An even more discreet option is lingual braces, where the brackets and wires are custom-designed and bonded to the back surface of the teeth. This placement makes them virtually invisible from the front. Traditional metal braces remain a highly effective choice for extensive corrections, offering durability and efficiency, particularly in cases involving significant relapse or bite issues.
The Retreatment Process and Duration
The process for starting retreatment begins with a comprehensive consultation to assess the extent of the relapse and the overall health of the jaw and supporting bone structure. New diagnostic records, including X-rays, digital scans, and photographs, are necessary to precisely plan the required movements. The orthodontist analyzes these records to determine the most appropriate appliance type and the estimated treatment length.
Retreatment is often significantly shorter than the initial orthodontic treatment because the goal is typically to correct minor shifting. Depending on the severity of the relapse, active treatment may last anywhere from six to eighteen months. The total cost varies widely depending on the complexity, the length of time needed, and the specific type of appliance chosen.

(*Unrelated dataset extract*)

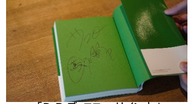
「R.B.ブッコロー サイン本」

https://store.tsite.jp/daikanyama/floor/shop/tsutaya-books/
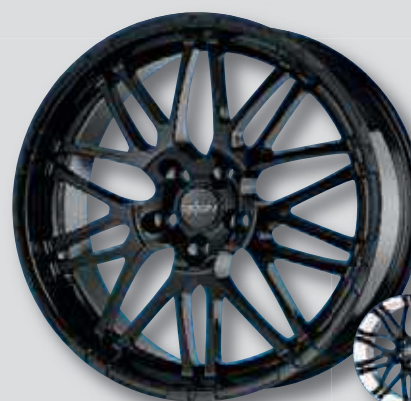
Oxigin 14 Oxrock schwarz lackiert

Weitere Farbvarianten auf Anfrage möglich!

Patients must commit to a schedule of regular adjustment appointments, typically every four to eight weeks, to ensure the planned movements are progressing correctly. Maintaining meticulous oral hygiene is important during this time to prevent issues like cavities or gum inflammation. This focus ensures the efficient movement of teeth back into their desired positions before transitioning into the maintenance phase.

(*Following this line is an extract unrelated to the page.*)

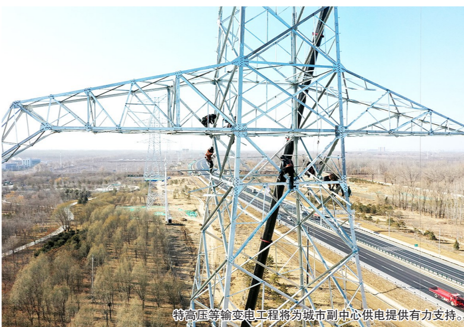
特高压输电工程将为城市副中心供电提供有力支持。

理工程和北运河船闸建设工程(打捆),以及能源设施北京东特高压—通州500千伏送出工程的北京段,通州北500千伏变电站工程、

Ensuring Long-Term Stability (Retention)
After the teeth have been successfully realigned through retreatment, the focus shifts to the retention phase, which is arguably the most important step in preventing future relapse. The concept that teeth never stop moving necessitates a commitment to lifelong retention to ensure the results are permanently maintained. Ignoring this phase is the primary reason why many patients require retreatment in the first place.
Retention is typically achieved using one of two main types of appliances. Removable retainers, such as clear thermoplastic models or the traditional Hawley design, are initially worn full-time and then transition to a nightly schedule. These devices are easy to clean and allow for unimpeded brushing and flossing, but their effectiveness relies completely on patient compliance.
The alternative is a fixed or bonded retainer, which consists of a thin wire permanently cemented to the back surfaces of the front teeth. This option offers constant, passive retention and eliminates the need to remember to wear a removable device every night. However, fixed retainers require more careful flossing techniques to clean around the wire and must be checked regularly for any signs of breakage or detachment. Retainers are susceptible to wear and tear and must be replaced every few years to ensure they continue to effectively hold the teeth in their perfected positions.